The voyage turns yet more desperate, when the ship is slammed by a storm devastating both human and inanimate cargo. Soon, disease sets in among the malnourished refugees. Binh is a survivor, but Tam dies of fever. Finally, the ship reaches the coast outside N.Y. The refugees are hustled by dinghy to shore, loaded into trucks, and transported to a new life of slavery. Binh works as a Chinatown busboy, and Ling is a bar girl in a sleazy joint frequented by white businessmen. Though the emotional bond between Binh and Ling remains strong, Binh can’t stomach the sight of Ling plying her trade.

When Binh learns from his bunkmates that, as the child of an American G.I., he was eligible for free U.S. repatriation and transport, he is overwhelmed with the horror and loss of his journey.
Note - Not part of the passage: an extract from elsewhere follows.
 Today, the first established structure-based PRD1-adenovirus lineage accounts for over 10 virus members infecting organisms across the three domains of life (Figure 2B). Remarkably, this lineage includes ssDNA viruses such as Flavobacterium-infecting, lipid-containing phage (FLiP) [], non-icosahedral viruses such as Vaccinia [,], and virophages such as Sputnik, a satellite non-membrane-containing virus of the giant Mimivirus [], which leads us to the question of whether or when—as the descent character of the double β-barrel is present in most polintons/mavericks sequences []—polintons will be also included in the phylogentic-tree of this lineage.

He has lost his mother, brother, and lover, but in his desperation he finds freedom from the slavers and escapes.

Binh hitchhikes cross-country, encountering Mexican migrants, amputee vets, random road people. The quest leads to a trailer encampment in the ranch’s backcountry, and the rancher agrees to hire Binh. Binh works with Steve (Nick Nolte), a new workmate and trailer-mate. Like Binh, Steve shows a stoic acceptance of fate.

Steve’s story is slowly revealed. “Bad memories of Vietnam” asks Binh. “Worse,” says Steve, “Good memories.” Binh learns that Steve was wounded in a warehouse ammunition explosion and that he woke up blind in a hospital six months later. At war’s end, nobody could go back to Vietnam, and Steve didn’t want to burden his wife with caring for a blind man. In time, as trust between them grows, they tacitly acknowledge each other as father and son without ever stating the words.

“Beautiful Country” tells the saga of one out of 12,000 to 18,000 of children of American troops and Vietnamese women conceived during that period. The film is more plot than character-drive; by standards of American films, the plot is rich enough for ten pictures. But the details are surprisingly fresh, and the characters vividly drawn. Sabina Murray and Larry Gross’ script eschews melodrama for a more realistic portrait of the hardships endured by illegal immigrants, particularly those from Vietnam.